The general formula is: distance = v(initial)t (seconds) + 1/2 gt^2.

In your problem the initial velocity is assumed to be zero since the ball was dropped.

The distance is 172.6 m, and the value of g is given as 9.81 m/s/s.

Then:

172.6 = 0 = 1/2 * 9.81*t^2

Solving for t you get a time of 5.93 seconds.

a)

Since the wind force is horizontal, it has no vertical component.

Hence the verical acceleration is entirely due to the gravity force. Also the vertical component of velocity is also entirely due to gravitation.

Using the equation of motion for the falling body, the vertical distance s covered is given by:

s = ut +(1/2)gt^2, where u = initial speed of the ball. u= is zero as the ball is dropped from a height. s = 171.6 m , g = 9.81 m/s^2. We determine the time t with the given details.

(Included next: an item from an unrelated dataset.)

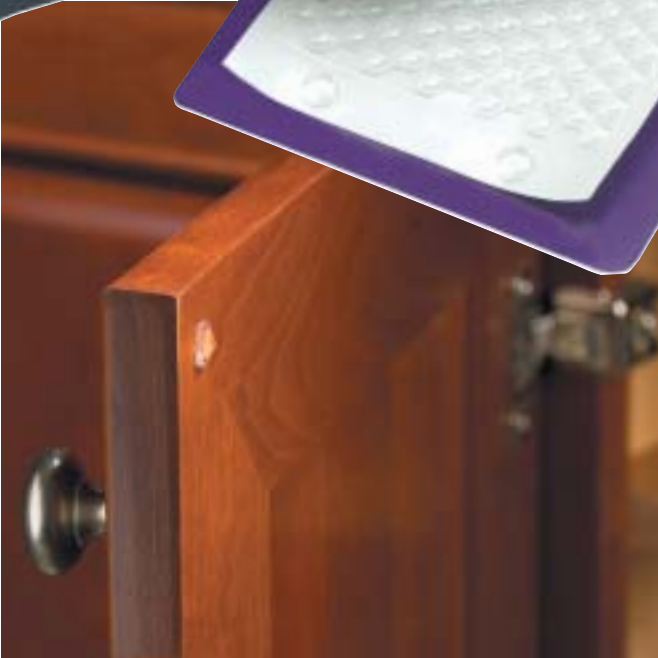
From doors to drawers and vents

171.6 = 0t+(1/2)*9.81*t^2.

171.6* (1/2)*9.81*t^2.

t^2 = 2*171.6/9.81.

t = sqrt(2*171.6/9.81) = 5.91 sec.

b)

There is no horizontal component of the graviational force which is entirely vertical. So only the constan horizontal force of 13.1N of force by wind generate an acceleration a = Forc/mass of the ball = 13.1N/3.91 Kg = 3.5666.. m/s^2 in the ball.

So the equation of motion for the horizontal direction is also:

s = ut+(1/2)at^2, where s is the distance covered and t is the time the ball is in air till it hits the ground and a = 13.1/3.9 = 3.3589....m/s^2. t = 5.9148 second as we got in a.

s = 0* 5.91+(1/2) (13.1/3.9)*(5.91..)^2

s = 58.76 meter away from the building.

c)

The speed (or rather velocity) of the ball while it hits the ground is due to both vertical as well as horizontal velocities.

Vertical vecity v = u+gt = 0+9.81 *5.9148 = 58.0242 m/s vertically down.

Horizontal velocity = u+at = 0+(13/3.9)(5.9148) = 19.8677

Therefore the combined velocity of the ball = sqrt(horizontal vel^2+vertical vel ^2) = sqrt{58.0242^2+19.8677^2) = 61.3313m/s^2. The direction of the velocity is arc tan (58.0242/19.8677) = 71 degree below horizontal.

To solve this question we need to take into consideration only the gravitational force. The horizontal force exerted by the wind has no impact on the time taken by the ball to hit the ground. As no resistance to vertical movement of the ball is given it is assumed to be absent.

Also the weight of the ball has no impact on the time taken to hit the ground.

**Solution:**

We know that for a body moving under the force of gravitation:

s = ut + (1/2)g*t^2

Where:

s = distance moved = 172.6 m (Given)

u = initial velocity = 0

g = acceleration due to gravity = 9.81 m/s^2 (Given0

t = Time of travel = ?

Substituting given values in above equation:

172.6 = (1/2)*9.81*t^2

==> t^2 = 2*172.6/9.81 = 35.18858

Therefore:

t = 5.932 s

Answer:

Ball will take 5.932 s to hit the ground.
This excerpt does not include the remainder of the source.